Off the top of my head, I can’t remember what would cause that. Obviously, a long-running transaction, but that would be different, it wouldn’t show availability group in the list there.
Erik Darling: Stuff like running out of disk space on the replica – like if your transaction log is full over there and it can’t grow anymore to receive new transactions, it’ll be stuck. And then – I had another good one – like if stuff gets – it can’t clear out row versioning or – no, that was tempdb…

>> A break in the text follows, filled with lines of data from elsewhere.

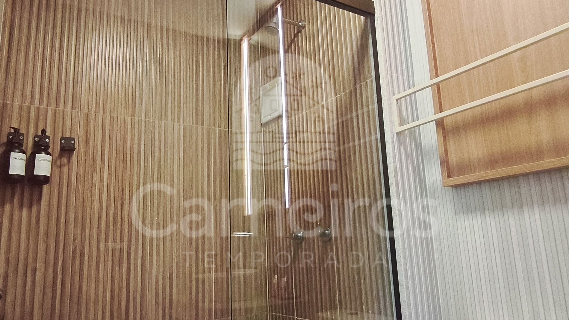 O ambiente integrado conta com sofá-cama, TV, ar-condicionado e cama de casal. A cozinha é equipada com louças, panelas, talheres, geladeira, fogão cooktop 2 bocas, micro-ondas e outros. Além disso, possui espaço para refeições com mesa e duas cadeiras e também um banheiro completo.
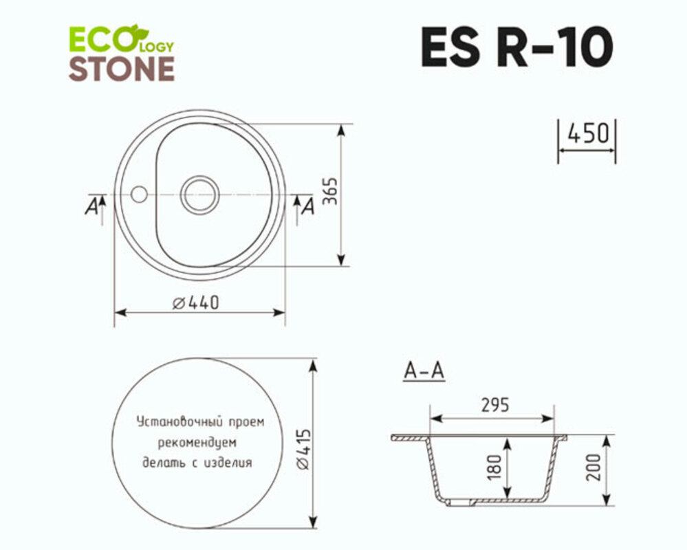 Кухонная мойка Ecology Stone R-10-331 белый d=440мм
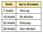 Aşağıdaki tabloda Ay’ın bazı evreleri ile ilgili bilgiler verilmiştir.

Brent Ozer: I was thinking, if you added a file on an invalid drive letter, you know, where the secondary doesn’t have it, then the replication will stop working. I would also check and see, sometimes you think that things are healthy when you look at the availability group dashboard, but it’s not; because the availability group dashboard stops updating when you run into worker thread exhaustion. You might actually not be in sync over on the other side. If this is a Standard Edition AG, you’re not supposed to query the secondaries; you know, it’s not readable on the secondaries. If this is in Enterprise though, I would actually go in and look at the tables on the secondary, just to make sure the data’s actually up to date, because it may not be.

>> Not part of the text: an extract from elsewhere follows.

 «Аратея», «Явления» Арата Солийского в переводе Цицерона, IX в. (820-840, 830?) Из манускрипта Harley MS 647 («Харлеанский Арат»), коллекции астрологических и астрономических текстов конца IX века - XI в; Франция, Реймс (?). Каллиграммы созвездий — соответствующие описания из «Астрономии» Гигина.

What’s a good database diagram tool?
Brent Ozar: James says, “I have a 1.2TB database and I need a database diagram. Do you recommend any good third-party tools?”
Erik Darling: Oh, this is a Richie question, because Richie actually knows several of these. I can’t remember any off the top of my head that I like.
Brent Ozar: I hear people say Erwin, ER/Studio, Toad Data Modeler. Those are the three that I hear the most often. I don’t know anything about pros and cons to any of them, but I know they’re expensive; usually like three, four, five thousand bucks.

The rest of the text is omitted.